Want to learn AWS serverless development? Click here

Database passwords in the state file

When you create an RDS cluster you need to define a username and a master password. This is not a problem when a trusted person is using the Console to type it manually, but it is a problem when you use Terraform as in that case the state file contains the password in plain text:

Terraform state with the master password

The proper solution is to implement state management for Terraform so that the state file is not readable by everyone as detailed in the Terraform documentation. While this definitely solves this problem, it feels a bit of overkill for simple projects. So I looked for a different solution.

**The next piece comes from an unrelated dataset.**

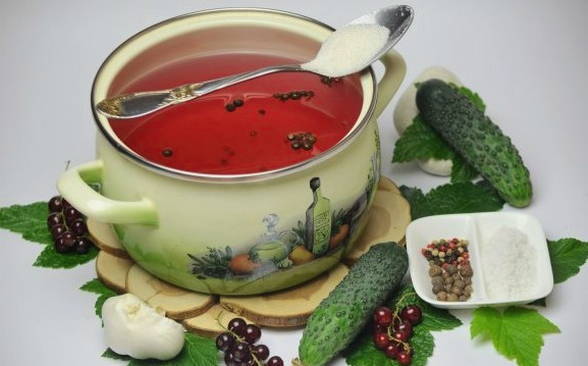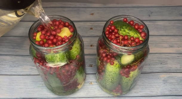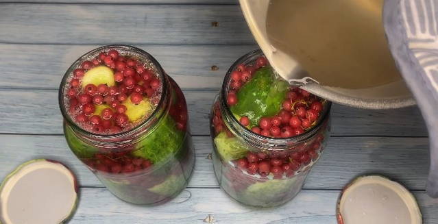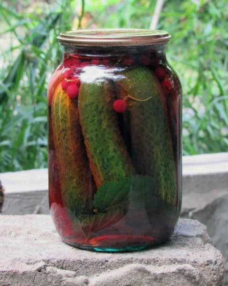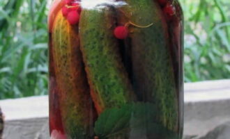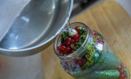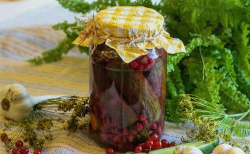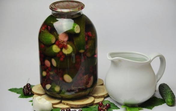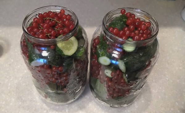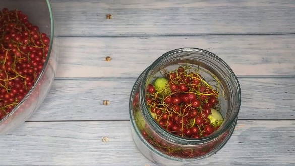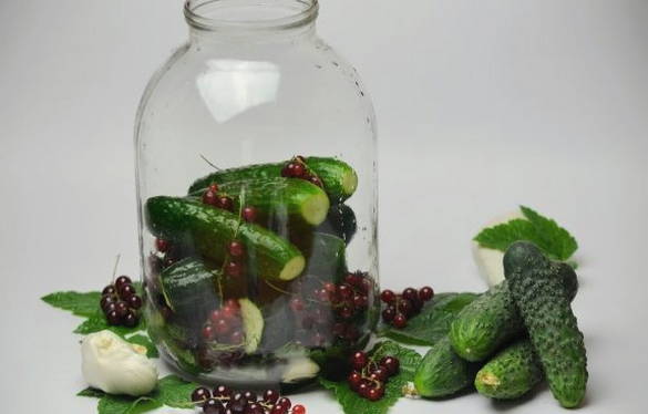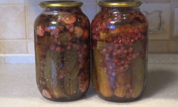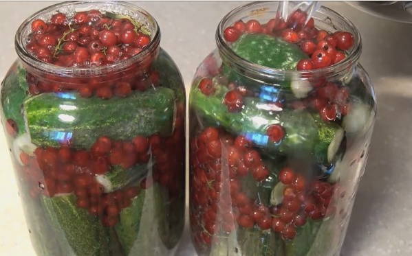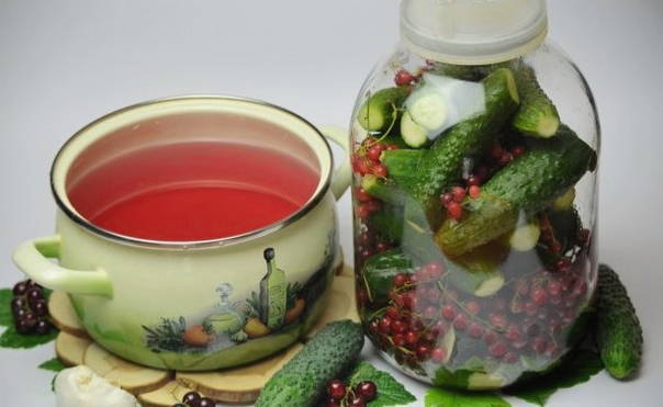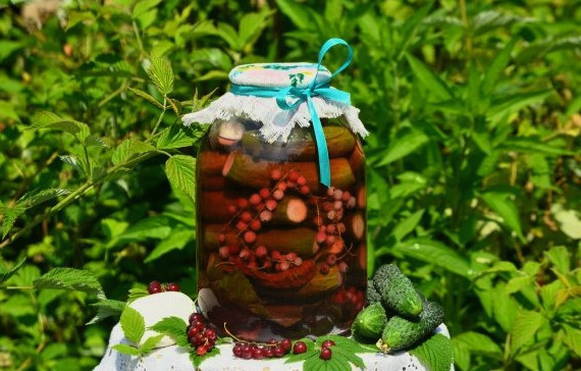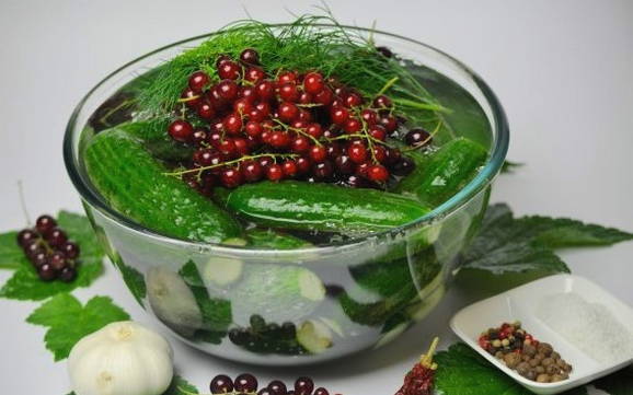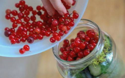 Ingelegde komkommers en rode aalbessen profiteren niet alleen vanwege hun spectaculaire uiterlijk, maar ook vanwege hun voordelen. Rode bes is immers een uitstekend bewaarmiddel dat azijn kan vervangen, de marinade een zuurheid en een aangename roze tint kan geven.
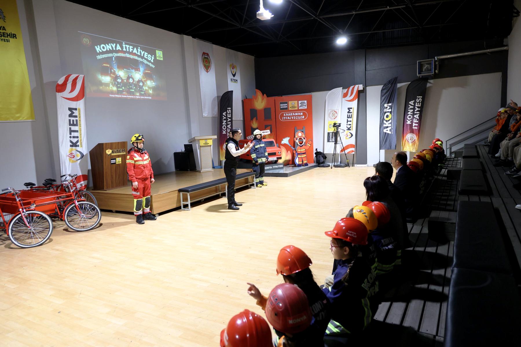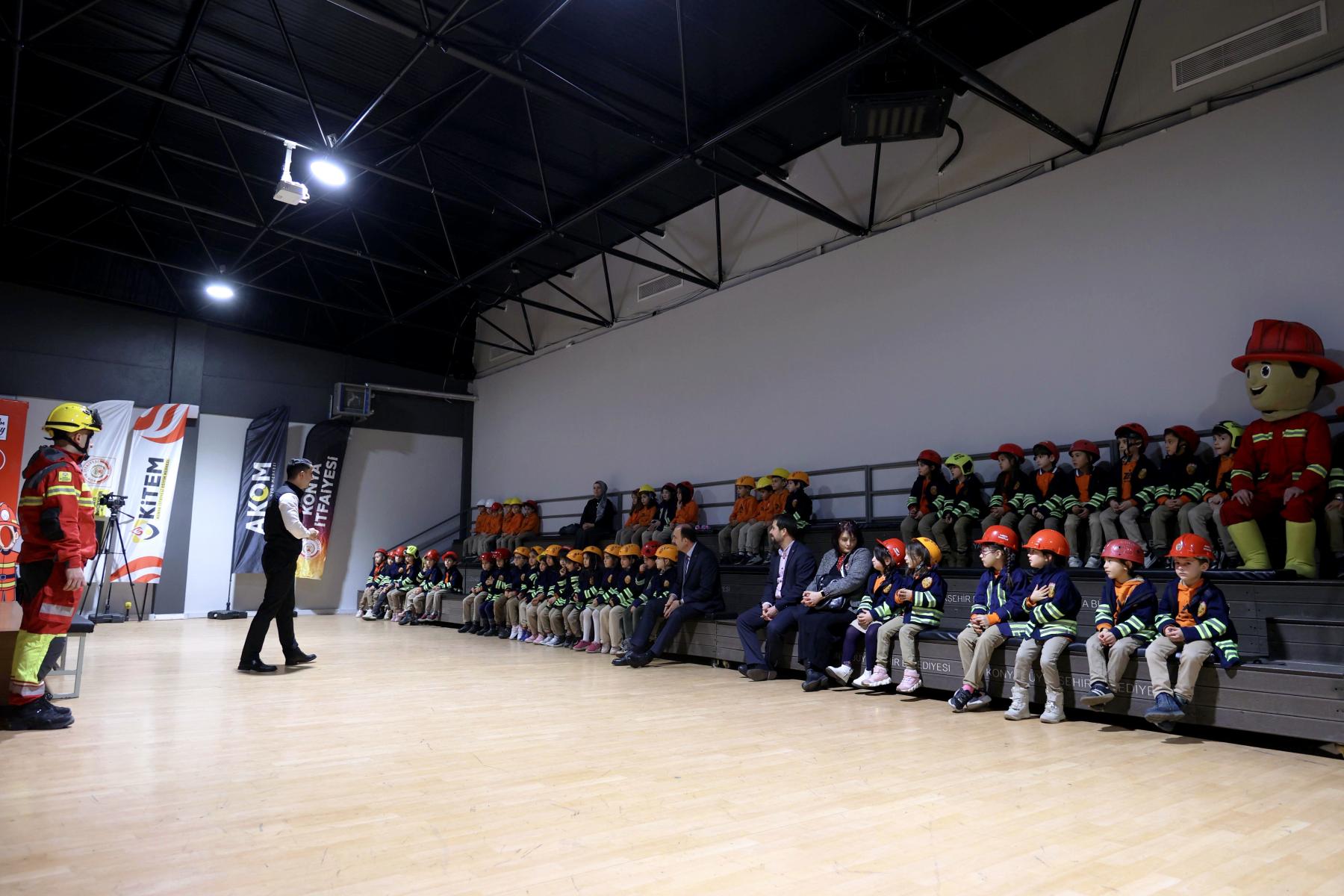 Konya Büyükşehir Belediyesi’nin İl Milli Eğitim Müdürlüğü ile birlikte 31 ilçede yürüttüğü “Kahraman Çocuklar İtfaiyecilerle Öğreniyor Projesi” ile 2021 yılından bu yana kurumsal bir eğitim programıyla ilkokul 1. sınıf öğrencilerine afet bilinci, güvenli yaşam kültürü ve temel yangın farkındalığı kazandırılıyor.

I used RDS Data API that relies on Secrets Manager to store the current version of the password. For example, starting a transaction takes the cluster and the secret ARN:

aws rds-data begin-transaction --resource-arn "..." --database "mydb" --secret-arn "..."

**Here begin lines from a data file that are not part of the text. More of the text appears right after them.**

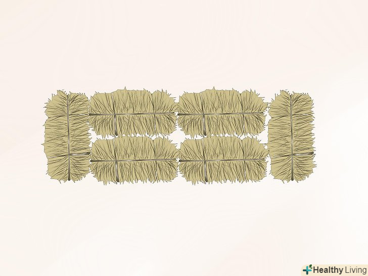 Скиньте тюки на підлогу або на солом'яне покриття і почніть укладати перший ярус скирти.- Складайте тюки боком вгору, так щоб мотузки були збоку, а не зверху чи знизу. Стебла сіна повинні лягати вертикально і якщо тюк був сформований правильно, його верх буде колючим і шорстким. Щоб легше запам'ятати, кладіть тюки "гладкою стороною вгору".
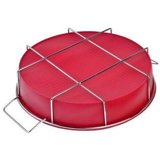 Форма для выпечки круглая размером 25х6 см из силикона с рельефным дном на хромированной металлической подставке с ручками, предназначена для выпечки изделий из теста в духовых шкафах. None Возможен самовывоз. Есть доставка.
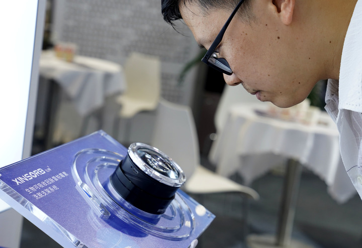 第二十三届中国国际工业博览会上,观众在复旦大学展台通过放大镜参观XINSORB生物可降解心脏支架。
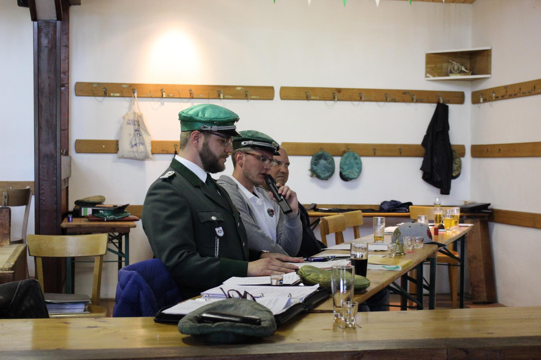 Die versammelten 100 Schützen wählten Carl-Christoph Pietschmann (30) einstimmig zum neuen ersten Vorsitzenden. Mit seinem wiedergewählten Stellvertreter, dem zweiten Vorsitzenden Dennis Montag (30), wird im Vorstand die junge aktive Generation nunmehr die Geschicke des Vereins gestalten. Der geschäftsführende Vorstand wird durch den Hauptkassierer Stefan Betat und dem Geschäftsführer Holger Bahs komplettiert. Thomas Schenk (52) wurde einstimmig zum Hauptmann gewählt. „Matthias, ich weiß, dass Du große Spuren hinterlässt, aber ich bin mir sicher, dass da noch Platz genug ist, um meine eigenen daneben zu setzen“. Mit diesen Worten würdigte Thomas Schenk nach seiner Wahl selbstbewusst seinen Vorgänger. Im Anschluss wurde Thomas Schenk vom scheidenden Matthias Pack zum Hauptmann befördert. Als Anerkennung der für den Verein geleisteten Arbeit wählte die Versammlung Reiner Schenk zum Ehrenvorsitzenden und Matthias Pack zum Ehrenhauptmann.
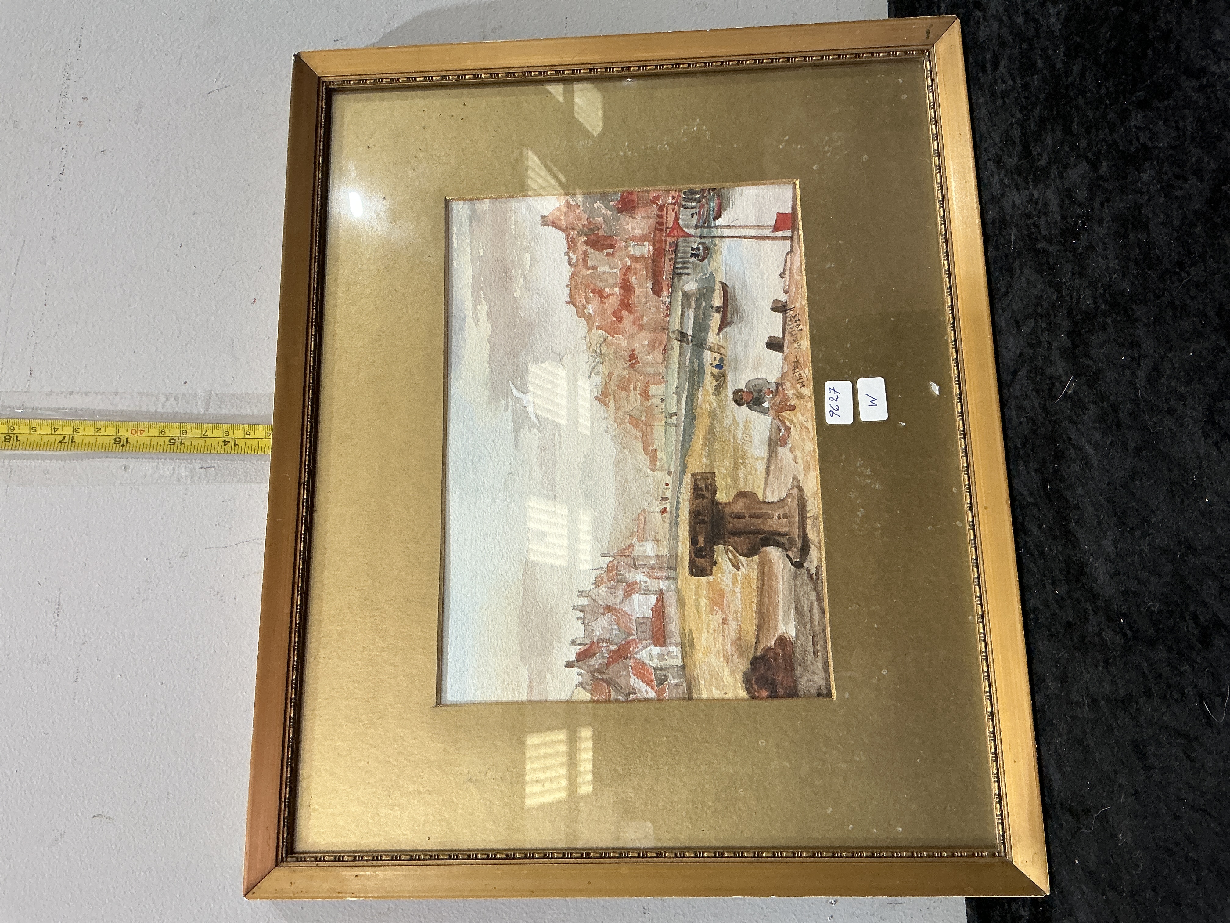 This watercolour with bodycolour highlights on paper depicts a coastal or harbour scene, attributed to the British artist Thurston Laidlaw Shoosmith. The composition features a row of red-roofed cottages clustered along a quayside, with a figure seated in the foreground near a large, dark-toned mooring bollard. The work is executed in an impressionistic style with a soft palette and loose brushwork to capture the atmospheric light of the seaside. A faint, partially legible signature and date are located in the lower-right corner of the painting. The artwork is presented within a wide gold-toned card mount and a gilt-wood frame featuring a beaded inner border. Two adhesive auction labels are present on the right side of the mount: one printed with 7627 and another hand-marked with the letter W.
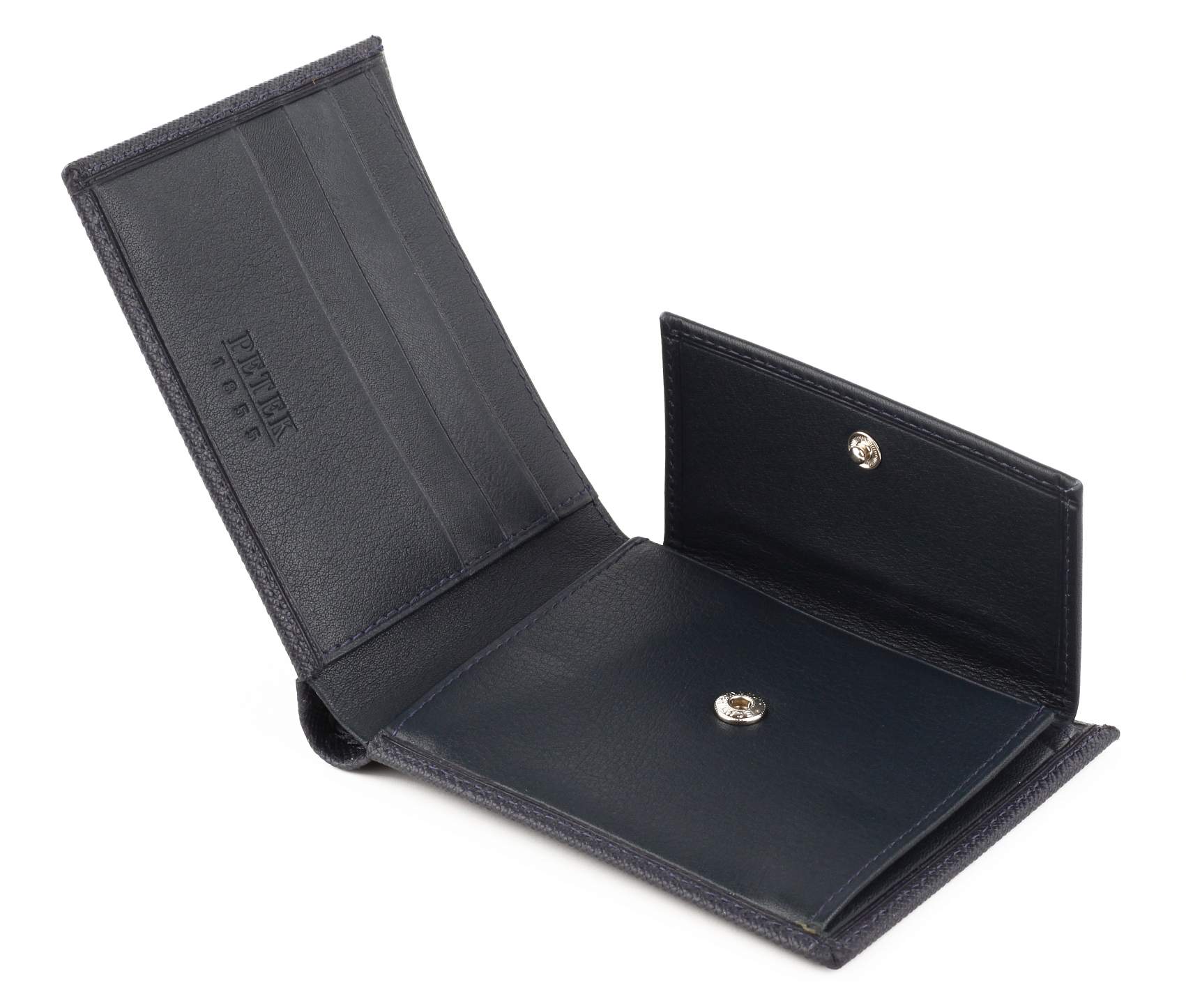 Портмоне Petek - это классический мужской аксессуар, который станет незаменимым помощником в повседневной жизни. Оно выполнено из высококачественной натуральной кожи, что придает ему элегантный и стильный вид. Портмоне имеет двойное сложение, что позволяет удобно хранить деньги, пластиковые карты и монеты. Внутри есть 2 отделения для денег, 3 отсека для карт и монетница на кнопке, что делает его очень практичным и удобным в использовании.

This makes it a bit easier as as long as the password set in the database and in the secret match, the Data API works.

Book

Building GraphQL APIs with AWS AppSync

How to design, implement, and deploy GraphQL-based APIs on the AWS cloud

Password rotation with RDS

Secrets Manager supports password rotation. This gave an idea: why not set up rotation so that the password in the Terraform state is no longer valid? It is a best practice to change passwords from time to time, so this feels like a good solution.

It turned out that "supported by AWS" does not mean "easy" by any means. It took me quite some time to figure out every detail of configuration to make it work.

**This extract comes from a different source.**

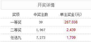 北京时间10月30日,足彩25155期开奖。本期全国中出一等奖39注,每注奖金287,038元,二等奖中出1967注,每注奖金2,439元。另外,任选9场中出7273注,每注奖金1,709元。
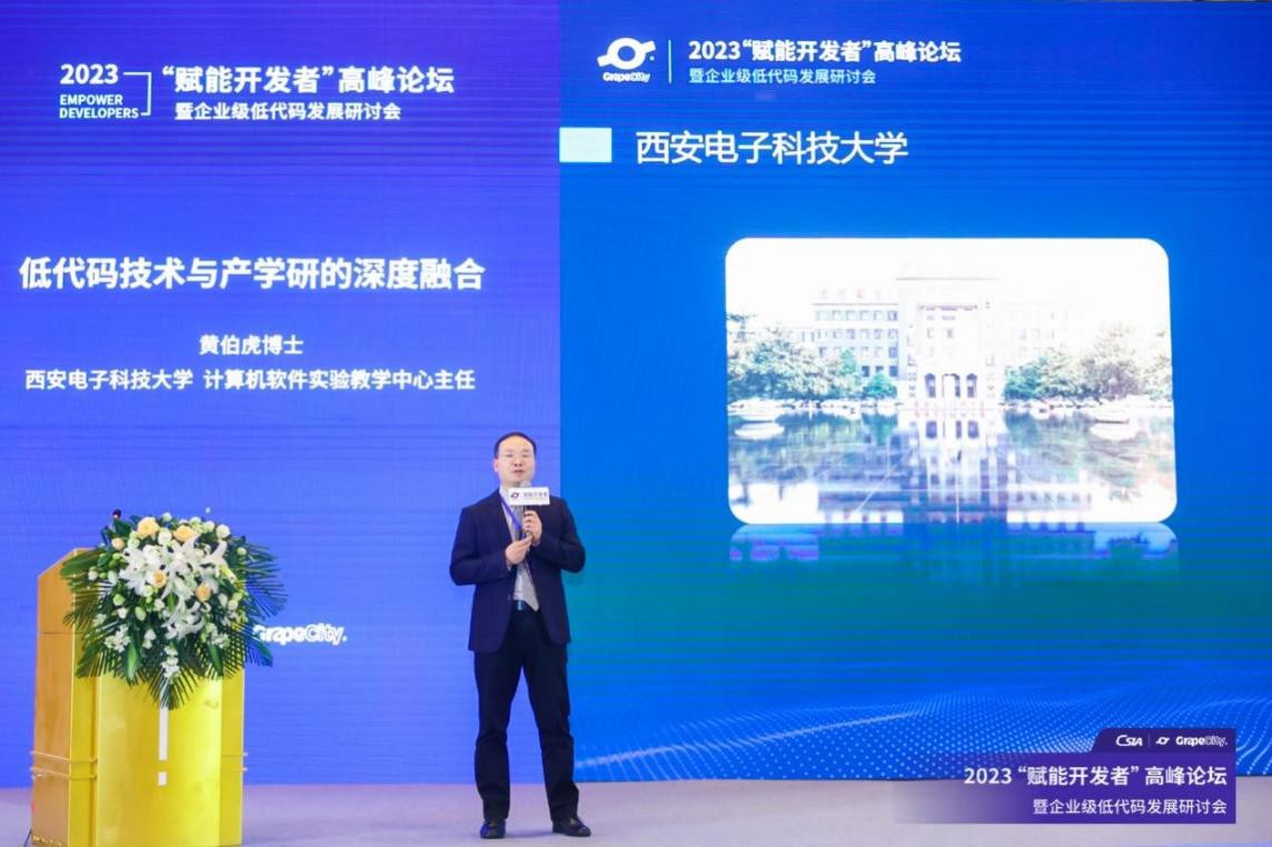西安电子科技大学计算机软件实验教学中心主任黄伯虎博士带来《低代码技术与产学研的深度融合》分享,他表明通过低代码技术和产学研的深度融合,能够加速促进科技创新成果转移转化,为行业输送更多的高质量复合型应用人才。

First, I used the Data API that does not go through the usual networking paths of a VPC but uses a different plane. Since that means there is no need to make the database reachable, I did not want to expose it just because of rotation. This turned out to be a complication later on.

Second, rotating a secret is a complicated process, consisting of Secrets Manager invoking a Lambda function multiple times with different steps. Luckily, AWS provides a template for this as well as implementations for different scenarios (such as this one for MySQL). Moreover, there are templates you can deploy directly.

Theoretically, these ready-made solutions should make it easy to implement everything. But combined with the Data API, things become complicated.

Changing a password can be done in two distinct ways: one is to use the ModifyDBCluster AWS API. The other one is to connect to the database, log in with the current credentials then issue a SET PASSWORD command. While the first approach does not rely on connectivity to the database, the second one does.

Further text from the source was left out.